BEELINE: Benchmarking gEnE reguLatory network Inference from siNgle-cEll transcriptomic data

March 10, 2026 · View on GitHub

Overview of BEELINE

BEELINE is a benchmarking framework for evaluating gene regulatory network (GRN) inference algorithms on single-cell RNA-seq data. It runs algorithms via Docker containers, evaluates their output against a ground truth network, and produces summary plots.

Full documentation: https://murali-group.github.io/Beeline/

Setup

1. Install the conda environment

bash utils/setupAnacondaVENV.sh

2. Pull algorithm Docker images

utils/initialize.sh manages Docker images for all supported BEELINE algorithms. By default it pulls pre-built images from the grnbeeline DockerHub organisation. Pass --build to build images locally from source in Algorithms/ instead.

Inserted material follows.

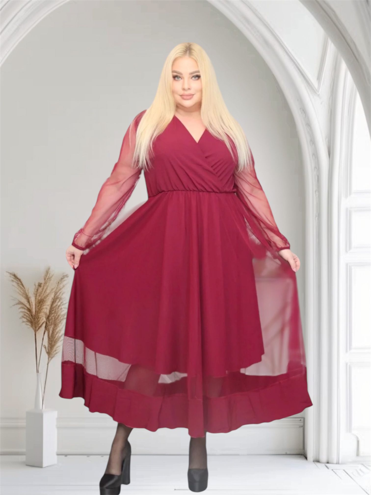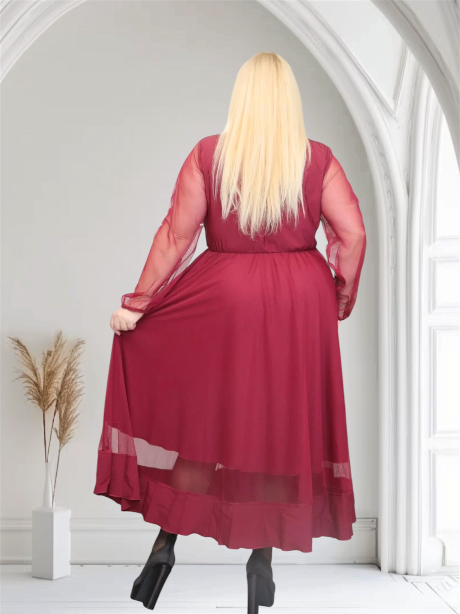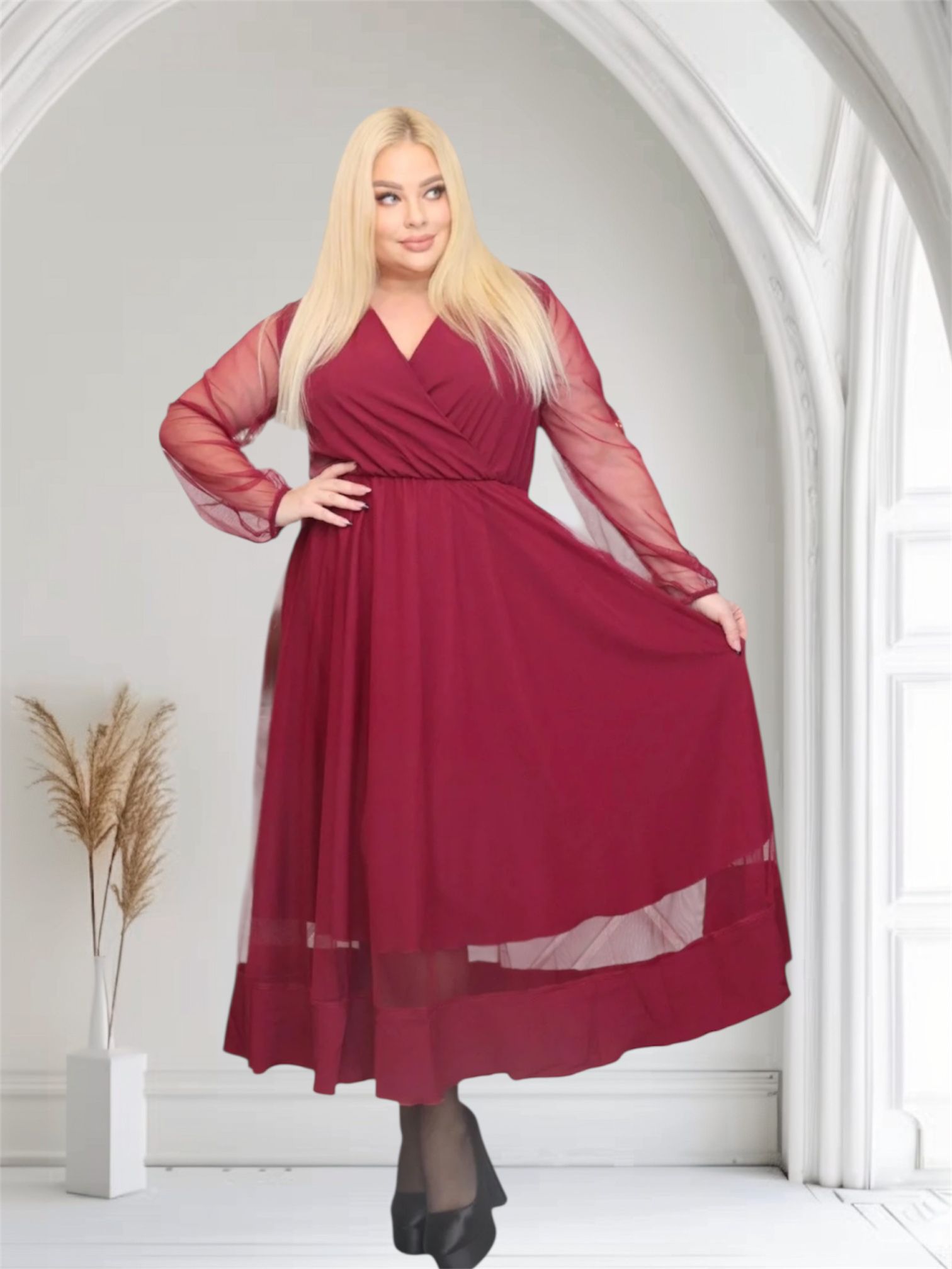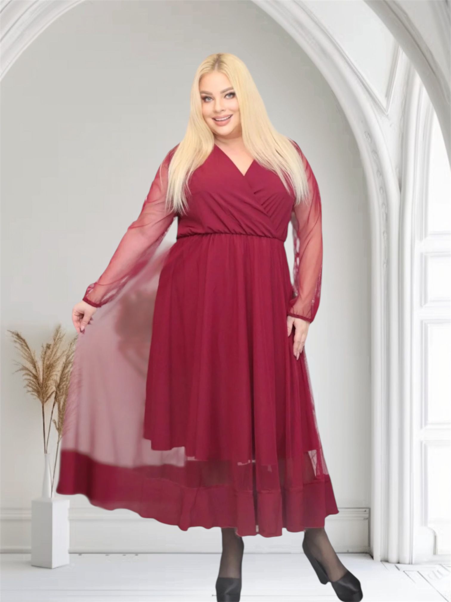 Sukienka Korina lekka zwiewna rozkloszowana bordowa tiul
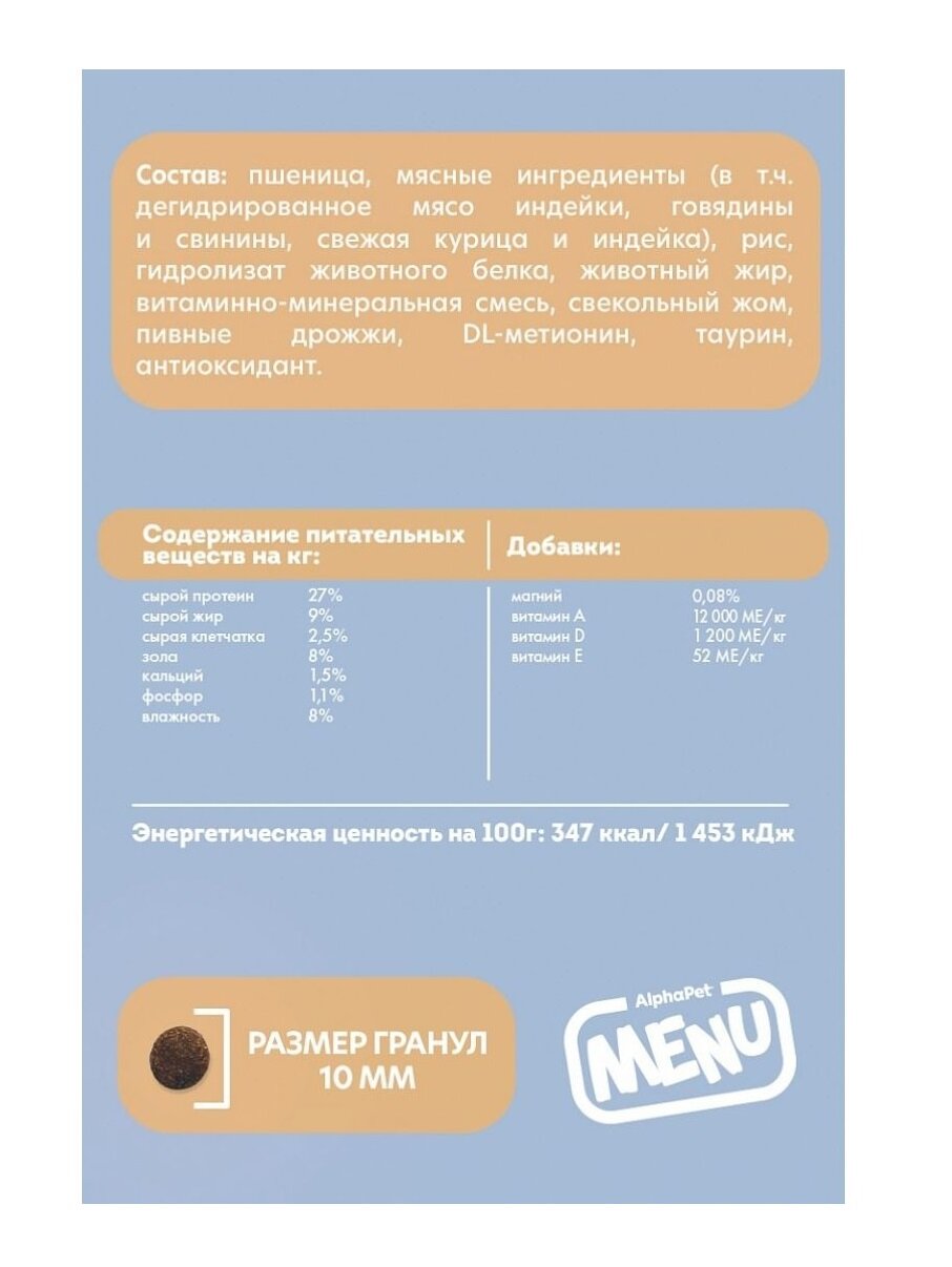 Сухой корм для кастрированных котов и стерилизованных кошек AlphaPet MENU с домашней птицей, 1,5кг

bash utils/initialize.sh [OPTIONS]
FlagDescription
-b / --buildBuild images locally from source instead of pulling from DockerHub.
-v / --verboseEnable verbose Docker output.
--remove-local-imagesRemove locally built BEELINE images. If combined with --build, images are removed then rebuilt.
--remove-grnbeeline-imagesRemove pulled DockerHub (grnbeeline) images. If combined with --build, images are removed then rebuilt.
-h / --helpDisplay usage information and exit.

3. Activate the environment

source ~/miniconda3/etc/profile.d/conda.sh
conda activate BEELINE

Usage

All three pipeline stages take a YAML configuration file via -c/--config.

1. Run algorithms — BLRunner.py

Runs one or more GRN inference algorithms on the specified datasets.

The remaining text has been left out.